Operating on Beyazit Meydan
Istanbul, Turkey
The proposal for a master plan and new library assumes the existing site and its conditions as the basis for accepting a new layer of physical operations. Whereas the site performs mostly as a space of passage between two places, we identify the gate to be the object of passage par excellence, and we find the Meydan and its vicinity to contain several examples of the gate in its symbolic form: the Gate to the University, the Gate to the Grand Bazaar, and the Gate to Constantinople. Each of these gates symbolize a formal constituent of society (the Academy, the Economy, and the State, respectively), relegated to a status of monument that is today outmoded. At the same time, the Meydan finds its users to fit into the quotidian groups of those same three: the student, the street hawker, and the everyday citizen. The proposal becomes a new series of gates in the form of discreet interventions with the capacity to give to the contemporary Beyazit Meydan user in very explicit terms what the original gates have only promised: access to education, access to exchange, and access to the city.

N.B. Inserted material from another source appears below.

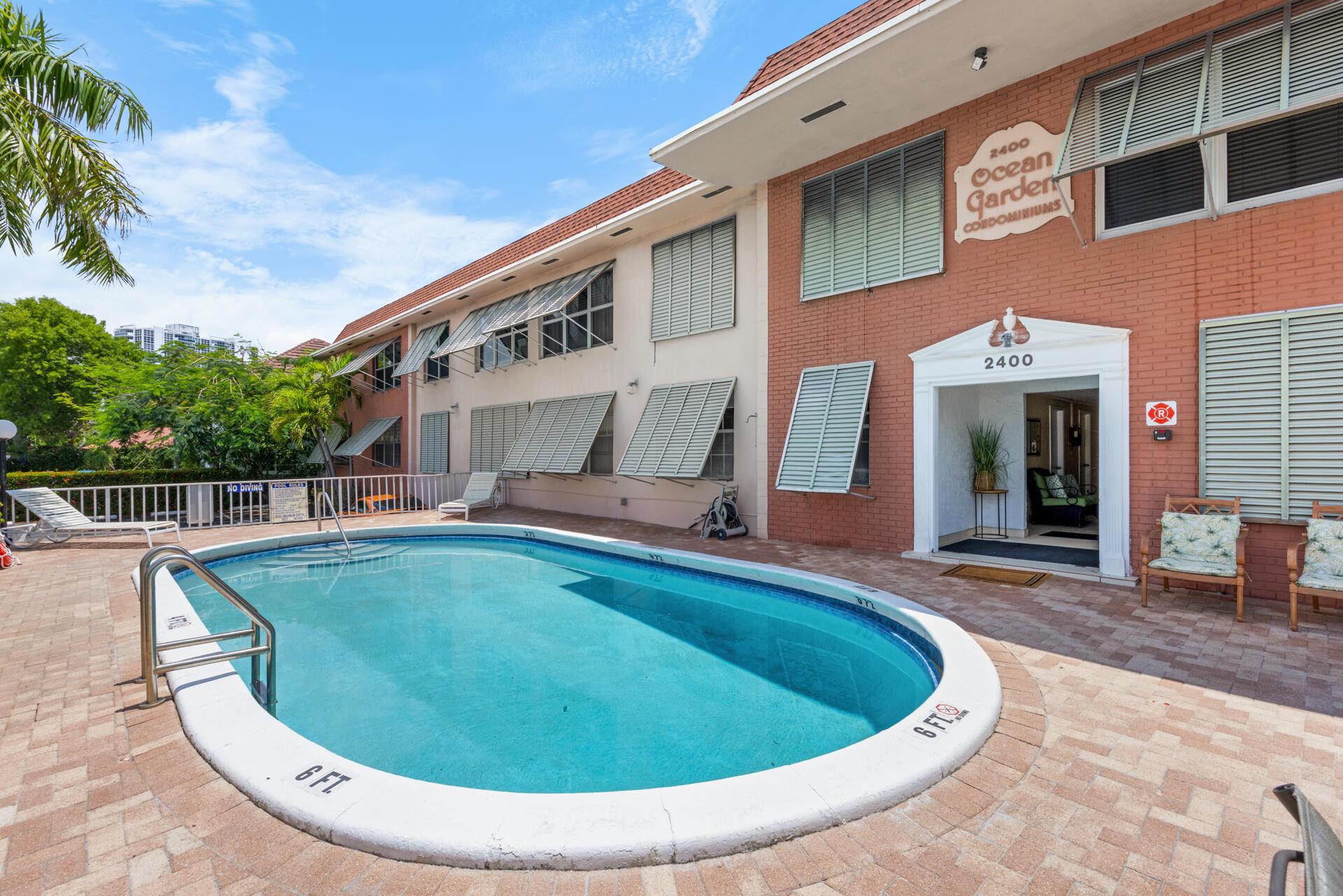 Great corner 2/2 unit in Fort Lauderdale steps away from the beach. Located in a quiet 2 story boutique building with 24 units. Very well maintained 1st floor unit with new laminate flooring and paint. New refrigerator. Laminate flooring and tile throughout. Corner south east exposure unit with lots of light. Ample closet space throughout. Communal pool with barbeque area. Laundry in building. Beach access. Assigned parking space. Great location between the ocean and intracoastal. Close to Las Olas, Lauderdale By the Sea, shopping, Birch state park, and many restaurants. Best seaside location! Great investment.

These are understood to be impermanent interventions, each separately the subject of the same select removal of built artifacts that the Beyazit Meydan has experienced dating back to the time when the peninsula was Constantinople. Here the individual intervention finds itself in a predicament: each has the existential requirement to be autonomous, to claim on its own to be a valid element of the Meydan, even as they are together understood to be a suite at their inception. For this reason they might share formal and/or tectonic qualities, but need to retain a greater or lesser degree of difference so as not to be the subject of blanketed removal by the whims of the next political regime. Here begins a game of camouflage and revelation.


On the one hand, the Meydan is programmatically flexible, offering to be the site of a flea market one day, or that of a protest on another. On the other hand, it resists specific programming. Cafes alongside the mosque - a typical hallmark of placemaking - are in disuse; formal landscaping near the university gate is altogether unused. Each intervention needs therefore to be not reliant exclusively on the success of its ability to program. At the same time it is liberated from the standard performance criteria of usage; the assumption is that it won’t be used. The interventions should embody this apparent paradox, having the capacity to serve a multitude of tasks.